- 2 tablespoons vegetable oil or you can just use spray
- 3/4 cup diced white onion
- 3/4 cup diced celery
- 1/2 cup diced carrot
- 1/4 cup diced green bell pepper
- 2 tablespoons minced garlic
- 4 (15 ounce) cans black beans
- 3 cups chicken stock
- 2 tablespoons apple cider vinegar
- 2 teaspoons chili powder
- 1/2 teaspoon cumin
- 1/2 teaspoon salt
- 1 finely chopped jalapeno
Directions:
Prep Time: 15 mins
Total Time: 1 1/4 hr
Total Time: 1 1/4 hr
- Heat 2 tablespoons of oil in a large saucepan over medium/low heat.
- Add onion, celery, carrot, bell pepper, and garlic to the oil and simmer slowly (or"sweat" as it's called), for 15 minutes or until the onions are practically clear.
- Keep the heat low enough that the veggies don't brown and be careful not to burn the garlic or it will be bitter.
- While you cook the veggies, pour the canned beans into a strainer and rinse them under cold water.

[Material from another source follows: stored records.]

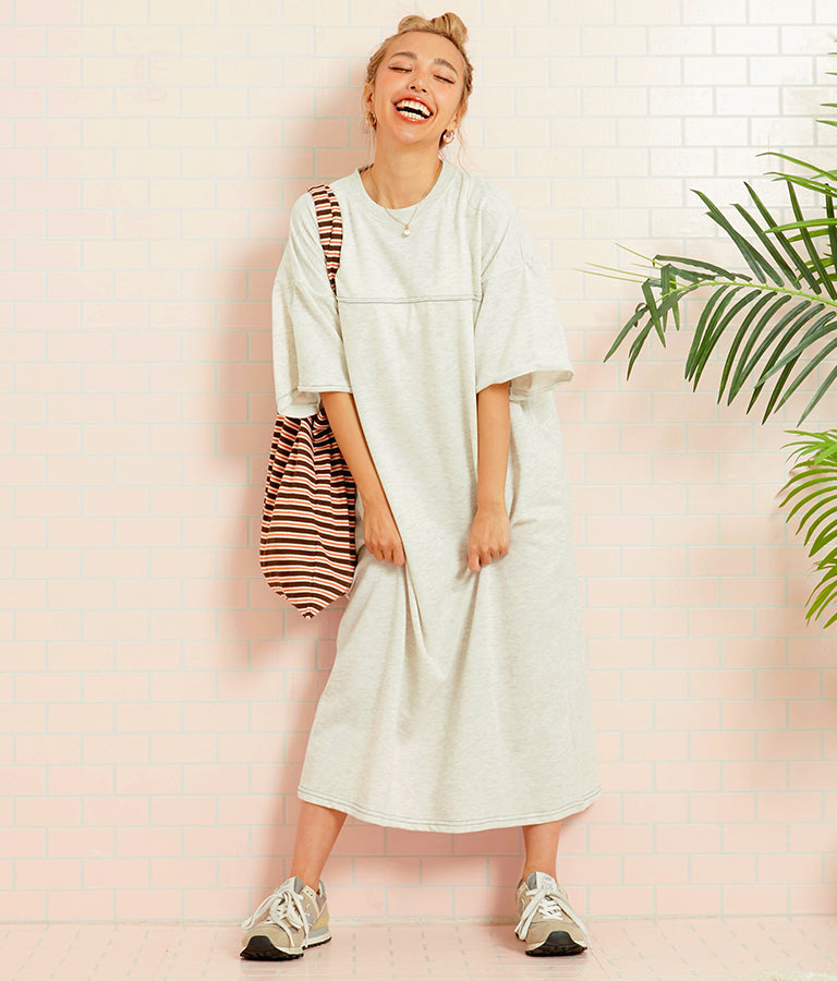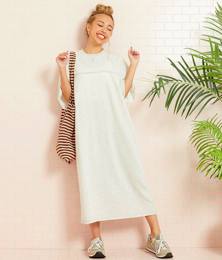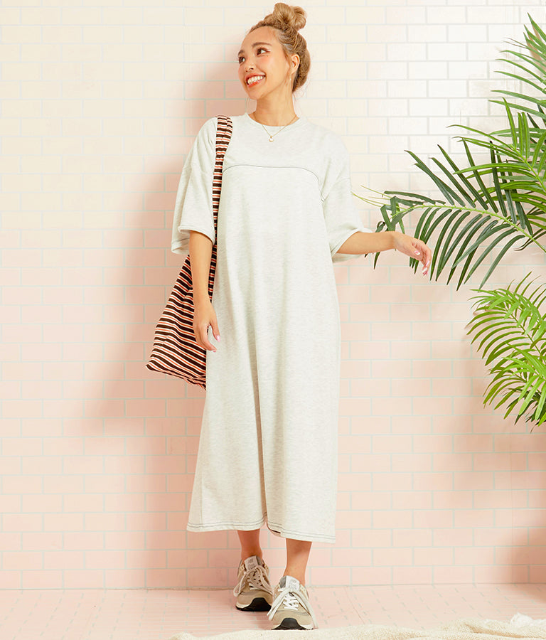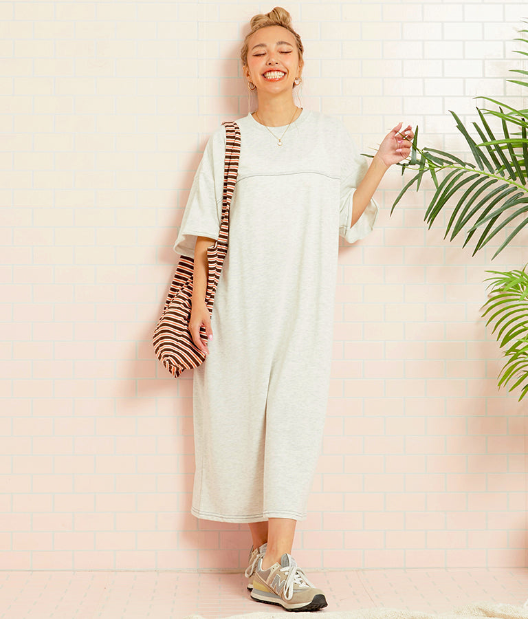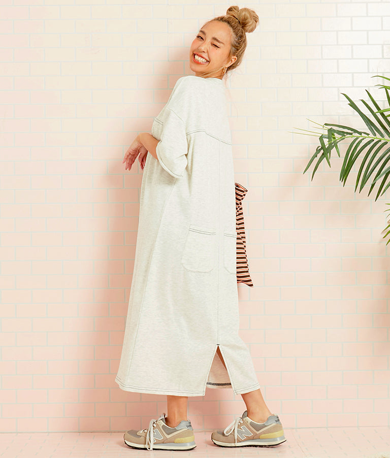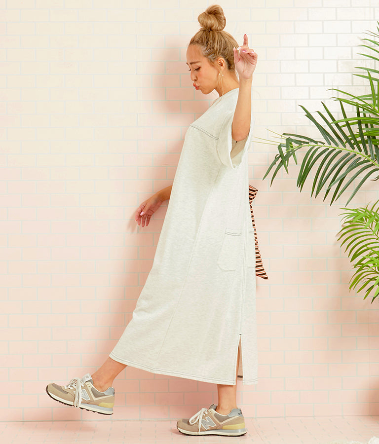 コーディネートにリラックス感をもたらすガーゼ裏毛素材のスウェットワンピース。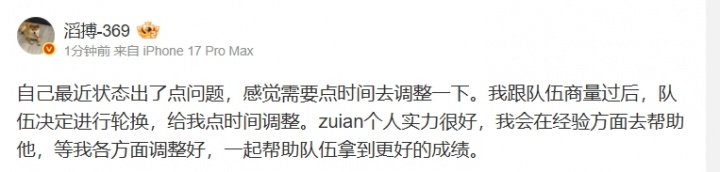 自己最近状态出了点问题,感觉需要点时间去调整一下。我跟队伍商量过后,队伍决定进行轮换,给我点时间调整。zuian个人实力很好,我会在经验方面去帮助他,等我各方面调整好,一起帮助队伍拿到更好的成绩。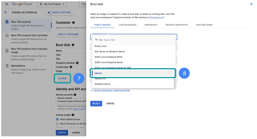 6. เลือก Boot Disk และเลือก Operating System ให้เป็น Ubuntu (Operating System แต่ละตัวมีคำสั่งไม่เหมือนกัน)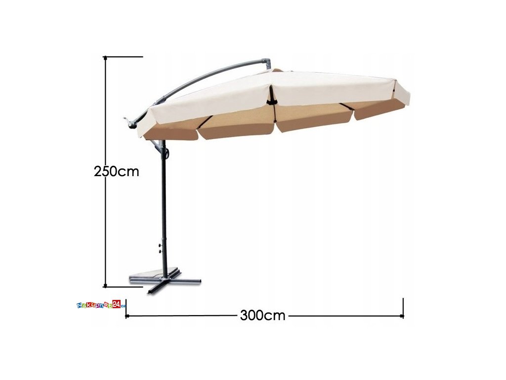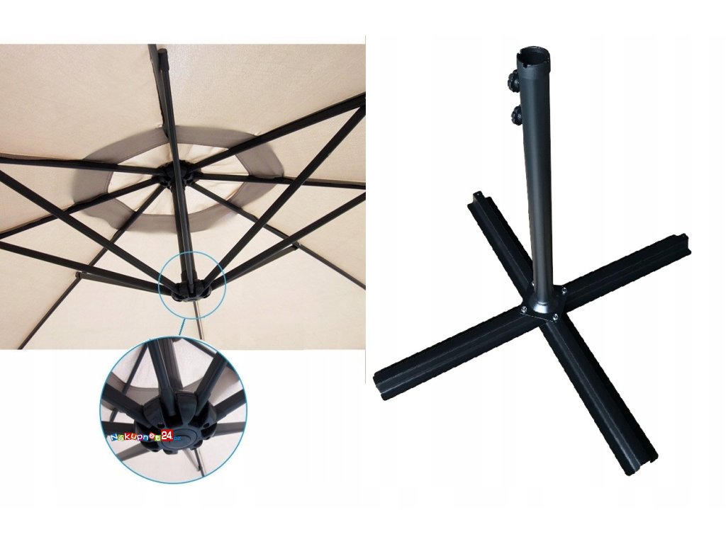 Slunečník je vyroben z odolného polyesteru (180 g/m²) s ochranou proti UV záření. Pevná konstrukce s 8 segmenty zajišťuje vyšší stabilitu než běžné modely.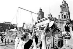 Integrantes de El Barzón cargan un ataúd con un deudor de la banca en su interior. Foto: Guillermo Sologuren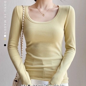 螺纹领恤短款长袖秋冬季打底衫女内搭上衣欧美新款2025早秋修身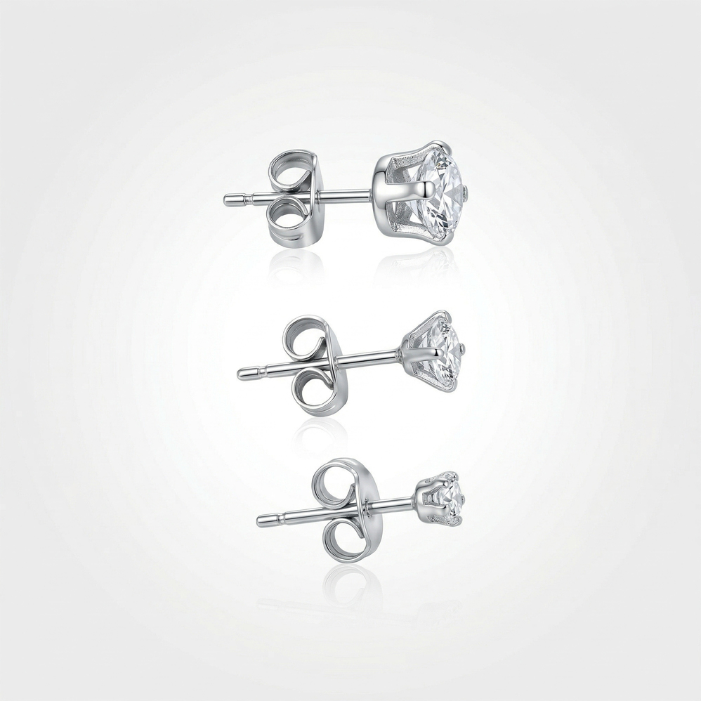 Set náušnic se zirkony z chirurgické oceli. Set na jedno ucho - 3 ks náušnic.

- Add the beans, jalapeno and chicken stock together in either a crockpot or large soup pot
- When the veggies are ready, pour them and every other ingredient in the list to the pot/crockpot
- Bring mixture to a boil, then reduce heat and simmer uncovered for 50 to 60 minutes or until soup has thickened and all the ingredients are tender. Or if in a crockpot cook on low for 3-6hrs or high for 2-4hrs.
- When everything has cooked together,you can eat as is or for a richer heartier soup use either an immersion blender, a regular blender or food processor to puree everything together. (This is our favorite way)!